Word clouds for Slack

Hey there! It’s been a while. I’ve been working on lots of stuff, but here’s a small thing I did recently.

My friends and I have a Slack we’ve now been using casually for a few years. You can download the entire logs of your Slack workspace, even if you use the free one (which will cut off the messages it shows you after 10,000 messages, I believe). So I wanted to do a few little projects with it.

One thing my friends and I were talking about was making bots that were crappy, funny imitations of us. So there would be a Declan-bot, Ben-bot, etc., that would talk like we do.
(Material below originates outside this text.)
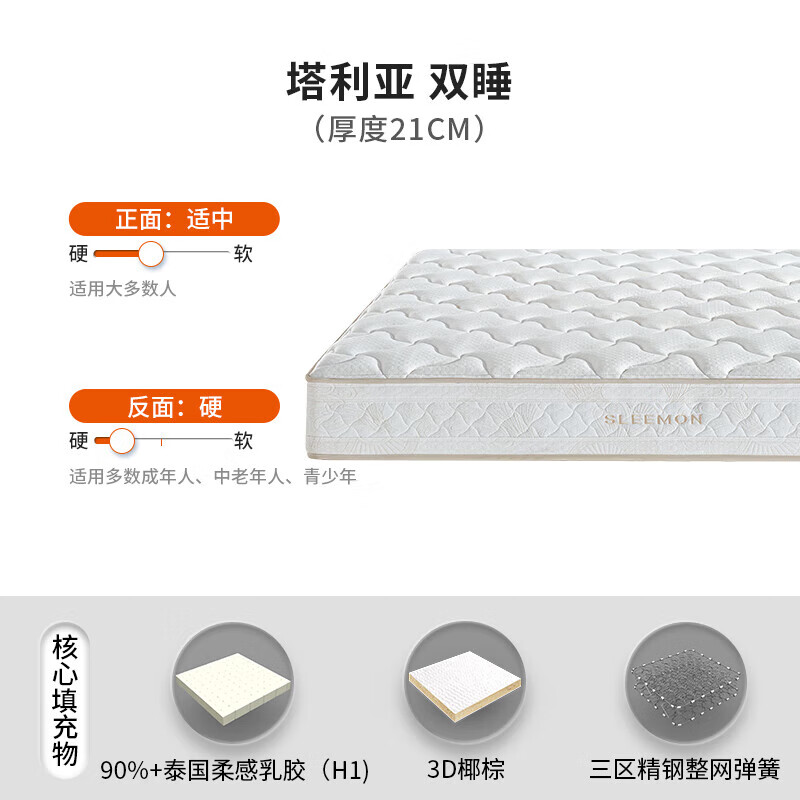 喜临门高纯乳胶床垫 3D椰棕床垫 三区整网弹簧床垫 塔利亚双睡1.35x2米价格:1498.00元!

Maybe we’ll try that in the future, but after doing the thing in this post, I have a suspicion that the bots might be kind of indistinguishable without extreme tailoring (though I’d love if they weren’t!).

So, what I wanted to do here was make a word cloud of each person’s total corpus in Slack. It actually all came together pretty quick, mostly because I did it in a quick, hack-y way.

First, to get the Slack data, you have to be an administrator. You go to the menu, administration, workspace settings, import/export, export, and then choose the date range. The folder is pretty huge, several GB. You’ll only get public data (not private messages), which makes sense. When you download it, it’s organized by folders corresponding to the channels everything was in, and in each of those, .json files for each day.

json is fortunately super easy to use in python, since it basically gets read as a dictionary. I made a little program that goes through recursively and gets all the files, and then piles everything together into one huge json… dictionary? That lets me easily select everything from a single user, or channel, or other aspect.

Another little detail is that it doesn’t label the users by our names (which you can change), it labels us by a unique identifier string, like U2189232 or something. So I had to make a little translation dictionary to go back and forth between names and IDs.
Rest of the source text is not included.